Welcome to torch-dist-utils’s documentation!
Utilities for PyTorch distributed.
Module torch_dist_utils
Before using torch_dist_utils
functions, you must either call torch_dist_utils.init_distributed()
or initialize the default process group yourself. torch_dist_utils.init_distributed()
can be called even if you did not start the script with torchrun
: if you did not, it will assume it is the only process and create a process group with a single member.
Utilities for PyTorch distributed.
- torch_dist_utils.get_local_group()[source]
Get the process group containing only the local processes.
- Returns:
The process group containing only the local processes.
- Return type:
ProcessGroup
- torch_dist_utils.get_device()[source]
Get the device of the current process.
- Returns:
The device of the current process.
- Return type:
device
- torch_dist_utils.init_distributed()[source]
Initialize distributed communication. If the process is not launched with
torchrun
, then assume it is the only process.
- torch_dist_utils.do_in_order(group=None)[source]
A context manager that ensures that all processes execute the block in order.
- Parameters:
group (ProcessGroup | None) – The process group. If
None
, use the default group.
- torch_dist_utils.do_in_local_order()[source]
A context manager that ensures that all local processes execute the block in order.
- torch_dist_utils.on_rank_0(group=None)[source]
A decorator that ensures that only process 0 executes the function.
- Parameters:
group (ProcessGroup | None) – The process group. If
None
, use the default group.- Returns:
A decorator.
- Return type:
Callable
- torch_dist_utils.on_local_rank_0()[source]

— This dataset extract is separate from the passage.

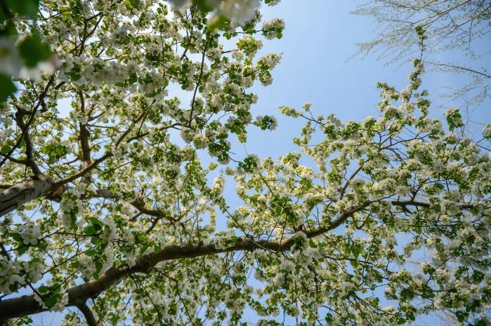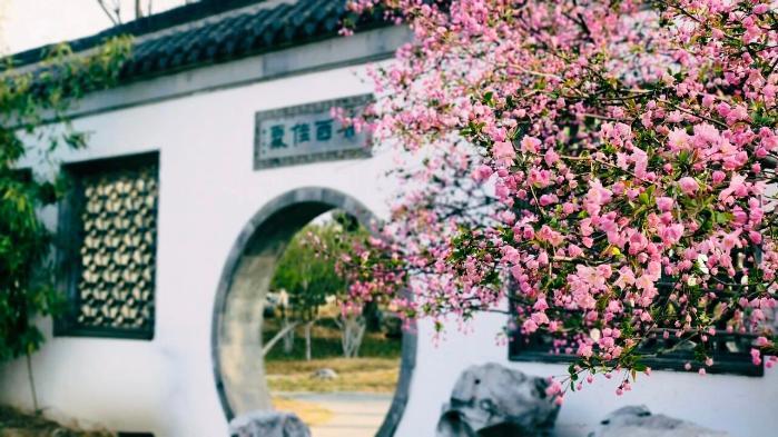 三月底,园博园海棠进入最佳观赏期。扬州园的海棠独植门前,如烟似雾;苏杭园的垂丝海棠热烈张扬;成都园的海棠温婉娇羞;北京园的西府海棠则别具风致,花朵较垂丝海棠更为硕大,白里透粉、粉中含白,清雅脱俗。远远便能嗅到一缕淡香,不浓不烈,恰好勾人驻足寻觅,四园景致各异,尽展海棠春韵。

A decorator that ensures that only the local process 0 executes the function.
- Returns:
A decorator.
- Return type:
Callable
- torch_dist_utils.print0(*args, sep=' ', end='\n', file=None, flush=False)
A version of
print()
that only prints on process 0.
- torch_dist_utils.printl0(*args, sep=' ', end='\n', file=None, flush=False)
A version of
print()
that only prints on local process 0.
- torch_dist_utils.all_gather_object(obj, group=None)[source]

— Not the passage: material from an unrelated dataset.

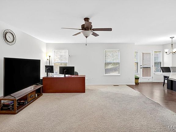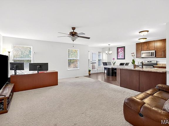 Fantastic opportunity to own this beautiful, nearly new 7-year-old, 2-story townhome featuring 2 bedrooms, 2.5 baths, a 2-car garage, and a walk-out lower level. The gorgeous kitchen boasts rich cabinetry, stainless steel appliances, a pantry, ample counter space, and a large island that opens to the bright living and dining areas — all overlooking a scenic backdrop of lush trees. The open-concept floor plan is warm and inviting, offering an abundance of natural light and effortless flow between the living, dining, and kitchen spaces — perfect for entertaining or everyday living. Upstairs, the spacious primary suite showcases elegant coffered ceilings, dual walk-in closets, and a private ensuite bath with a double vanity. A second bedroom with a walk-in closet, a full bath, and convenient upstairs laundry complete the upper level. The unfinished walk-out lower level is ready for your personal touch and includes a rough-in for a full bath and generous storage space. Enjoy low-maintenance living with an HOA that covers exterior upkeep, some insurance, trash service, and property maintenance. Brand-new roof just installed! Ideally located near Mercy South Hospital, Dierbergs, and Highways 55 & 270, offering suburban comfort with easy access to shopping, dining, and major routes.

Gather an object from each process and return a list of gathered objects in all processes.
- Parameters:
obj (Any) – The object to gather.
group (ProcessGroup | None) – The process group. If
None
, use the default group.
- Returns:
A list of gathered objects.
- Return type:
List[Any]
- torch_dist_utils.broadcast_object(obj=None, src=0, group=None)[source]
Broadcast an object from the source process and return the object in all processes.
- Parameters:
obj (Any | None) – The object to broadcast. Ignored in processes other than
src
.src (int) – The source process.
group (ProcessGroup | None) – The process group. If
None
, use the default group.
- Returns:
The object broadcasted from the source process.
- Return type:
Any
- torch_dist_utils.gather_object(obj, dst=0, group=None)[source]

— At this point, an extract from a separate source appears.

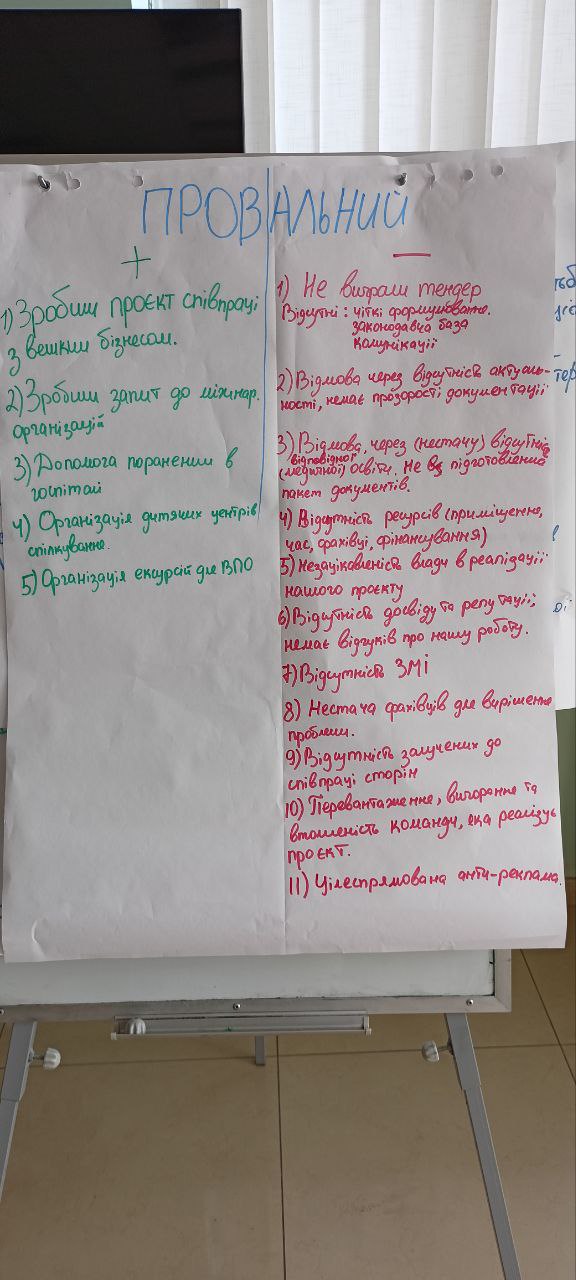 У Провальному сценарії учасниці намагались проаналізувати, чому волонтерство не завжди досягає поставлених цілей: «Відмовили через нестачу досвіду. Повинна бути прозора документація та відповідна освіта», - зазначила учасниця Анастасія.

Gather an object from each process and return a list of gathered objects in the destination process.
- Parameters:
obj (Any) – The object to gather.
dst (int) – The destination process.
group (ProcessGroup | None) – The process group. If
None
, use the default group.
- Returns:
A list of gathered objects in the destination process,
None
in all other processes.- Return type:
List[Any] | None
- torch_dist_utils.scatter_objects(objs=None, src=0, group=None)[source]
Scatter a list of objects from the source process and return each object in each process.
- Parameters:
objs (List[Any] | None) – The list of objects to scatter. Ignored in processes other than
src
.src (int) – The source process.
group (ProcessGroup | None) – The process group. If
None
, use the default group.
- Returns:
The object scattered to the current process.
- Return type:
Any
- torch_dist_utils.all_gather_into_new(tensor, group=None)[source]
Gather a tensor from each process and return a list of gathered tensors in all processes. Tensors can have different shapes. Tensors must be all on CPU or all on GPU.
- Parameters:
tensor (Tensor) – The tensor to gather.
group (ProcessGroup | None) – The process group. If
None
, use the default group.
- Returns:
A list of gathered tensors.
- Return type:
List[Tensor]
- torch_dist_utils.broadcast_tensors(tensors, src=0, group=None)[source]
Broadcast an iterable of tensors from the given source process to all other processes.
To synchronize a model’s parameters in all processes to the versions in process 0:
broadcast_tensors(model.parameters())
- Parameters:
tensors (Iterable[Tensor]) – The tensors to broadcast.
src (int) – The source process.
group (ProcessGroup | None) – The process group. If
None
, use the default group.